**DATA BELOW**.
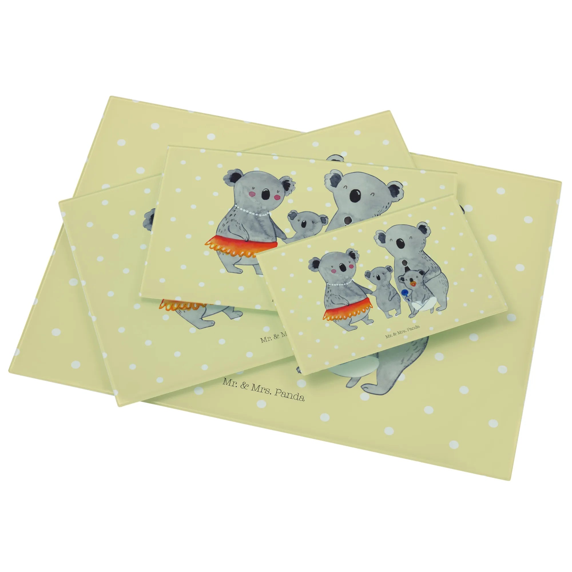 Entdecke das bezaubernde Medium Glas Schneidbrett mit dem niedlichen Koala Familienmotiv von Mr. & Mrs. Panda! Dieses wunderschöne, in einem hellen Design gehaltene Schneidebrett ist nicht nur funktional, sondern auch ein wahrer Hingucker in jeder Küche.
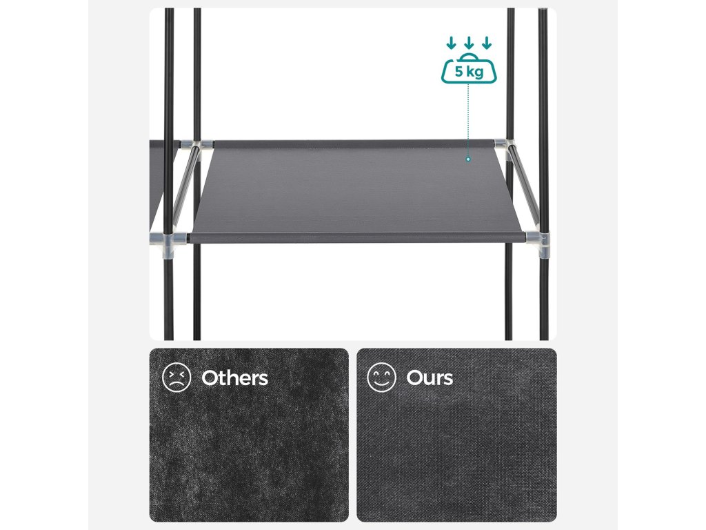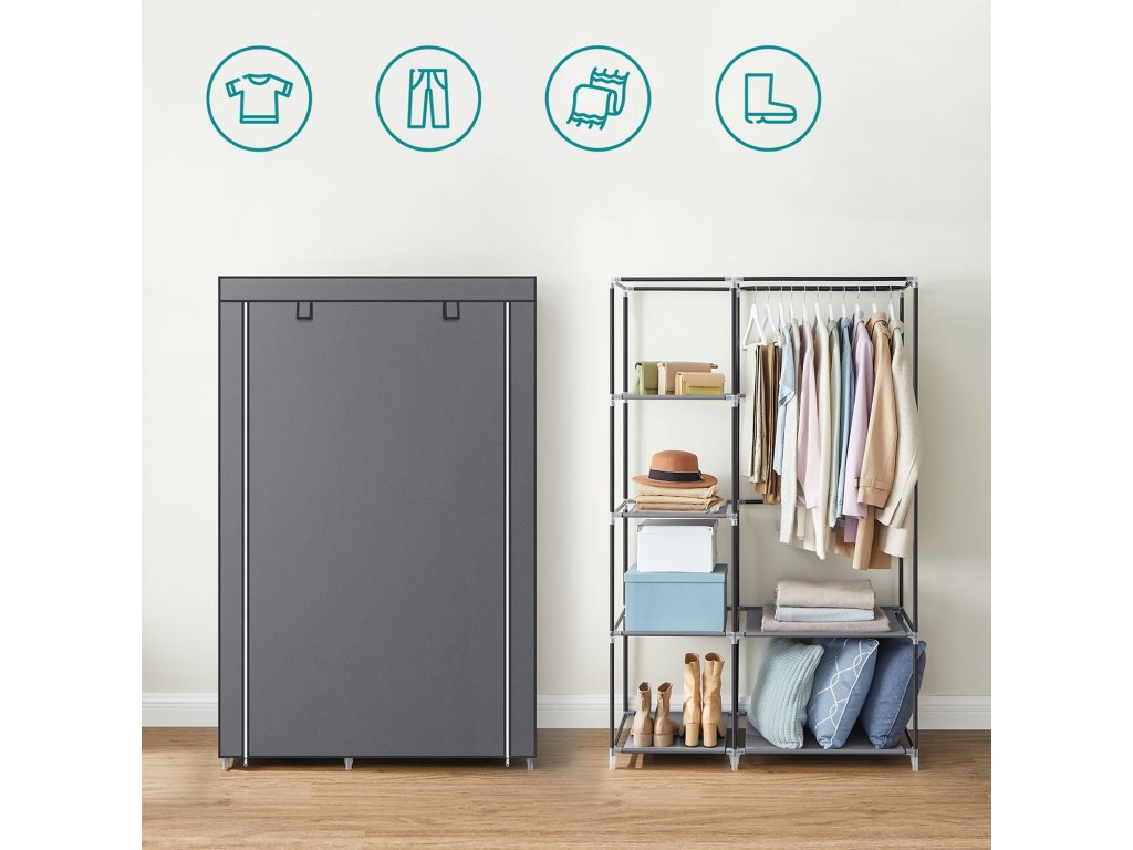 Začněte každý den správně Vezměte si z věšáku košili, kalhoty, ponožky. a klobouky z poliček - příprava je tak snadná, když máte tuto látkovou skříň, kde je vše na jednom místě.Není třeba obětovat styl Organizér na oblečení nemusí vypadat nudně a fádně. Netkaná textilie s šedou povrchovou úpravou dodává skříni zvláštní vzhled a vnáší do vašeho domova charakter.Got You Covered Prach, nehody - s těmi si už nedělejte starosti. Stačí srolovat dvířka, zapnout je a prachotěsný látkový potah udrží vaše nové oblečení nové a čisté oblečení čisté.Použít kde? Říkám, že kdekoli chcete! Ať už v obývacím pokoji, ložnici nebo šatně, tato látková skříň vám vždy skvěle poslouží k udržení pořádku.Montáž bez stresu Se SONGMICS už žádné "Ach bože, jak tuhle velkou skříň smontuji?". Díky podrobnému, snadno srozumitelnému návodu a očíslovaným dílům. už není důvod se bát!| Kategorie: | Šatní skříně |
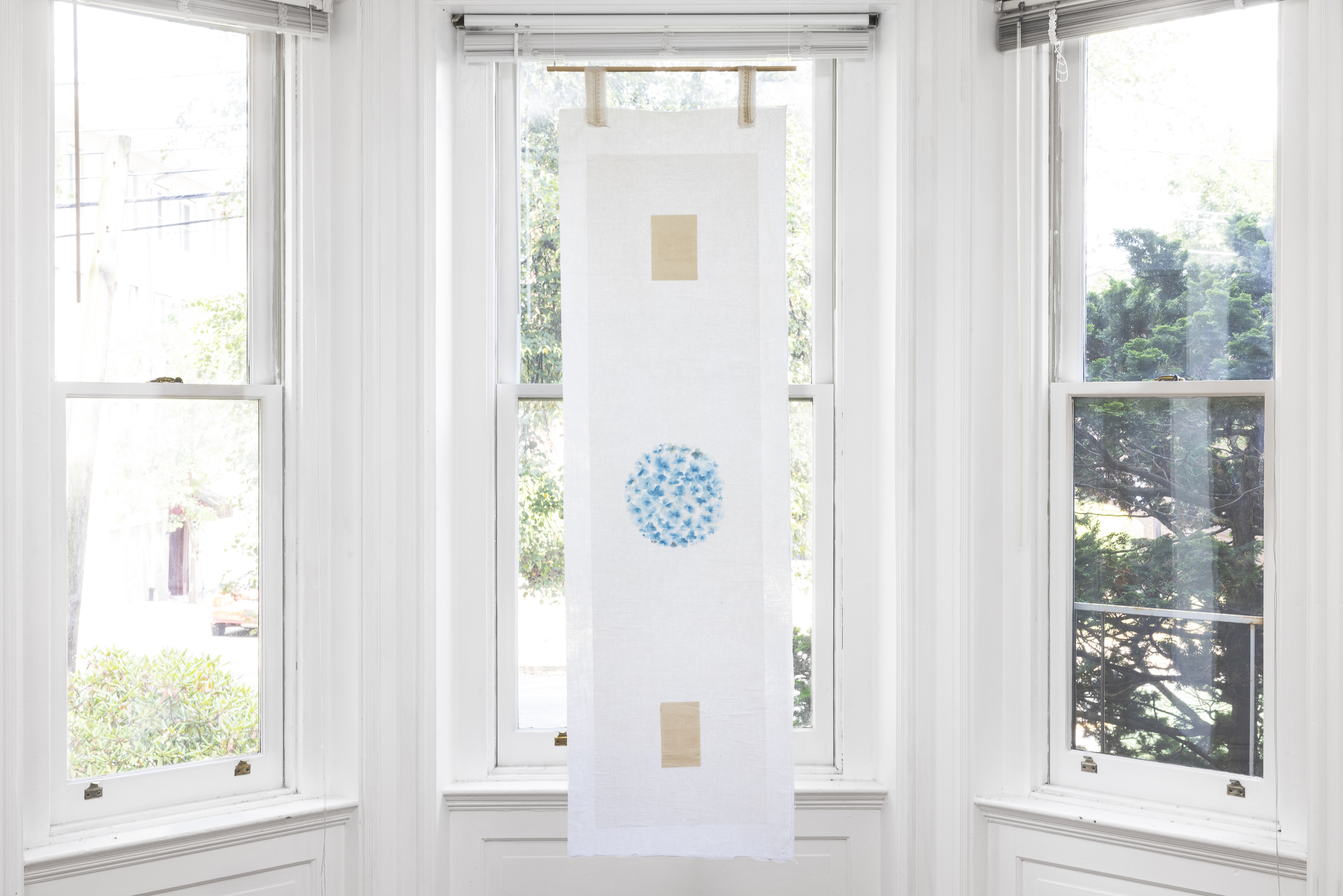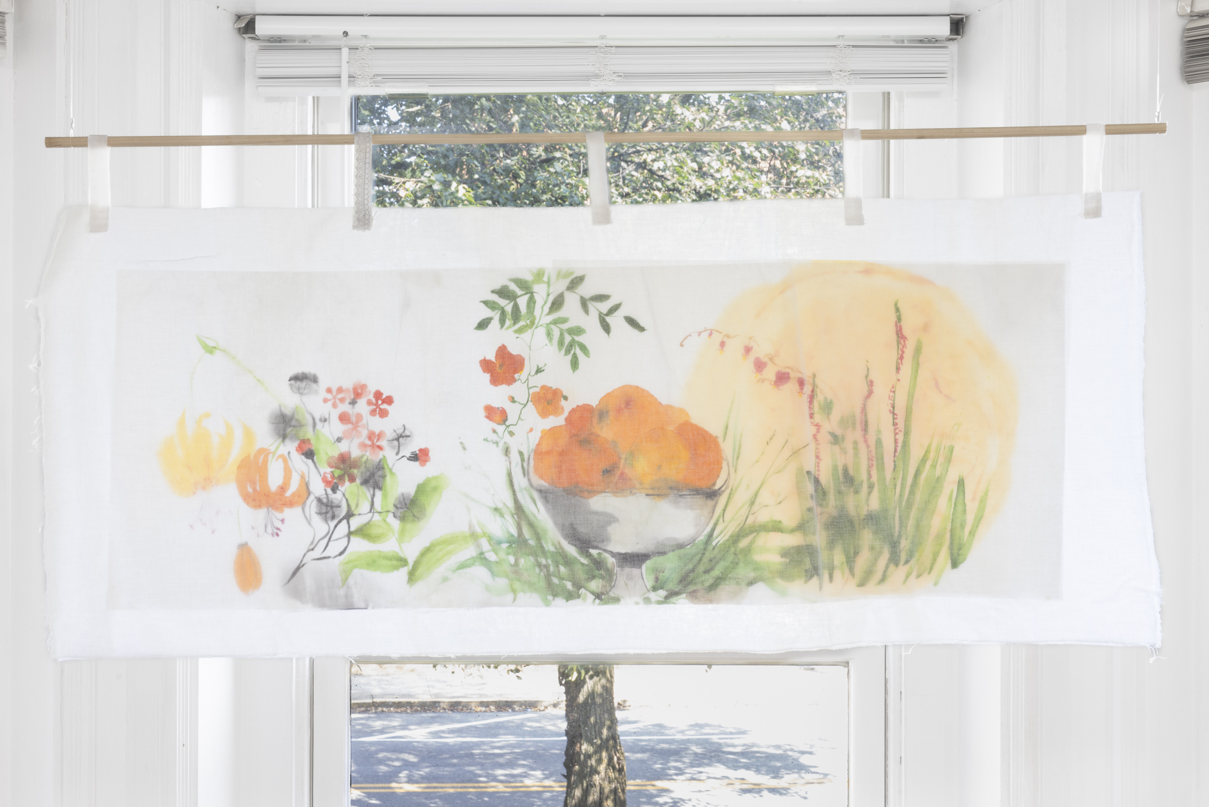 This presentation brings together works by Naomi Hawksley, Ingrid Yi-Chen Lu, and Emilia Wang, in which the artists surface their inner worlds through craft and the handmade. Across the paintings anddrawings on view, structures of containment and suspension appear alongside motifs of accumulation and erasure. Together they pose the question: what arewe expected to hold—emotionally, so-cially, and metaphysically? Through a sustained engagement with tactile and abstract form, these artiststrace the material dynamics that shapeour sense of place and home, tied todiasporic movement and intimationsof transcendence within the everyday. These gestures carry moral and mystical weight through reflections intimacy and estrangement.

**ACTIVITY**. Keep the pictures out while you retype all of the data above exactly as it appears.

**ANSWER BELOW**.
 Entdecke das bezaubernde Medium Glas Schneidbrett mit dem niedlichen Koala Familienmotiv von Mr. & Mrs. Panda! Dieses wunderschöne, in einem hellen Design gehaltene Schneidebrett ist nicht nur funktional, sondern auch ein wahrer Hingucker in jeder Küche.
 Začněte každý den správně Vezměte si z věšáku košili, kalhoty, ponožky. a klobouky z poliček - příprava je tak snadná, když máte tuto látkovou skříň, kde je vše na jednom místě.Není třeba obětovat styl Organizér na oblečení nemusí vypadat nudně a fádně. Netkaná textilie s šedou povrchovou úpravou dodává skříni zvláštní vzhled a vnáší do vašeho domova charakter.Got You Covered Prach, nehody - s těmi si už nedělejte starosti. Stačí srolovat dvířka, zapnout je a prachotěsný látkový potah udrží vaše nové oblečení nové a čisté oblečení čisté.Použít kde? Říkám, že kdekoli chcete! Ať už v obývacím pokoji, ložnici nebo šatně, tato látková skříň vám vždy skvěle poslouží k udržení pořádku.Montáž bez stresu Se SONGMICS už žádné "Ach bože, jak tuhle velkou skříň smontuji?". Díky podrobnému, snadno srozumitelnému návodu a očíslovaným dílům. už není důvod se bát!| Kategorie: | Šatní skříně |
 This presentation brings together works by Naomi Hawksley, Ingrid Yi-Chen Lu, and Emilia Wang, in which the artists surface their inner worlds through craft and the handmade. Across the paintings anddrawings on view, structures of containment and suspension appear alongside motifs of accumulation and erasure. Together they pose the question: what arewe expected to hold—emotionally, so-cially, and metaphysically? Through a sustained engagement with tactile and abstract form, these artiststrace the material dynamics that shapeour sense of place and home, tied todiasporic movement and intimationsof transcendence within the everyday. These gestures carry moral and mystical weight through reflections intimacy and estrangement.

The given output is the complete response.